Shanghai’s real estate market is anticipated to slow down drastically in 2008, becoming more vulnerable to government policy shifts and attract less investment. This is according to several of the larger real estate analysts.
According to a Jones Lang LaSalle report released recently, after the government implemented the land appreciation tax and imposed additional restrictions on foreign investment in the sector, real estate investment saw a slowdown in the fourth quarter of 2007 and there was only one sizable sale completed in the city.
The report also suggest that overseas investors will be shifting their focus away from the top tier cities in favor of smaller cites which offer less restrictions on foreign investment, such as Hangzhou and Chongging.

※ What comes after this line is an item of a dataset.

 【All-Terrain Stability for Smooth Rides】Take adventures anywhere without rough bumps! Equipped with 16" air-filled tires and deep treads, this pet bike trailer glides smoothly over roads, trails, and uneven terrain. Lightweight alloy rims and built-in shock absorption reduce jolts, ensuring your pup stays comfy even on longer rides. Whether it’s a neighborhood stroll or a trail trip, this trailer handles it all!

Grade A offices and serviced apartments will continue to attract foreign investment capital, but limited availability will see emerging regions begin to attract more interest as the year progresses.

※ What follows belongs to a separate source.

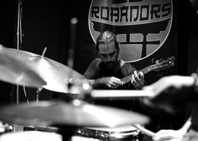 Poco a poco fueron tomando forma. El bajista frotando un vaso de cerveza en el mástil, usando sus pedales… golpes y manos arrastradas por el teclado; el baterista golpeando con criterio, pero sin piedad; y Naná haciendo crecer el sonido de su instrumento (un sonido que no dejó indiferente a nadie) hasta que explotó como un volcán. Escupiendo infierno entre sus dientes.

Lee Hingyin, director of Research & Consultancy at Colliers International (Shanghai) said, “Increasing monetary control and tightening policies are bringing more uncertainties, particularly to the investment market.”
“The investment market may feel the pinch, and it is likely that foreign investors will be more vulnerable to these policy changes this year.” Lee added that he expects more severe measures, which will significantly cool down overseas investment in Shanghai.
Not wishing to contribute to the slow down, James MacDonald, senior manager of Research at Savills, China, said: “In the institutional investment market, it’s not necessary that new policies will be introduced and will affect the market in a big way. Instead, it is the more stringent implementation of previous regulations that has to be watched.”
Chen Sheng, director of the China Index Academy, which tracks property prices, said, “The government’s tighter monetary policy this year is expected to have a negative impact on the real estate investment market, which is highly dependent on bank loans.”
Wang Qing, an economist at Morgan Stanley Asia Ltd, said in another report that sectors with a high debt-asset ratio, such as real estate, tend to experience larger declines in fixed-asset investment growth after credit tightening. The debt-asset ratio of the real estate sector is over 70%.
Liu Shiyu, deputy governor of the People’s Bank of China, said the government will strengthen commercial real estate management and adjust the real estate credit structure to prevent risk.
A survey was conducted by the State Administration for Industry and Commerce in December on foreign investment in China’s real estate sector. The move came on the heels of the Ministry of Construction opening a research meeting on the implementation of existing policies restricting foreign investment in real estate.
Overseas banks are also beginning to shy away from investments in the region and as credit tightening increases, investor enthusiasm will be further reduced, said Savills.
Shanghai is the eighth largest city in the world, and the largest city in China, leading China’s new economic growth since the lessening on restrictions on foreign investments. As with all emerging markets, environmental issues and an increasing wealth gap remain a problem to be dealt with.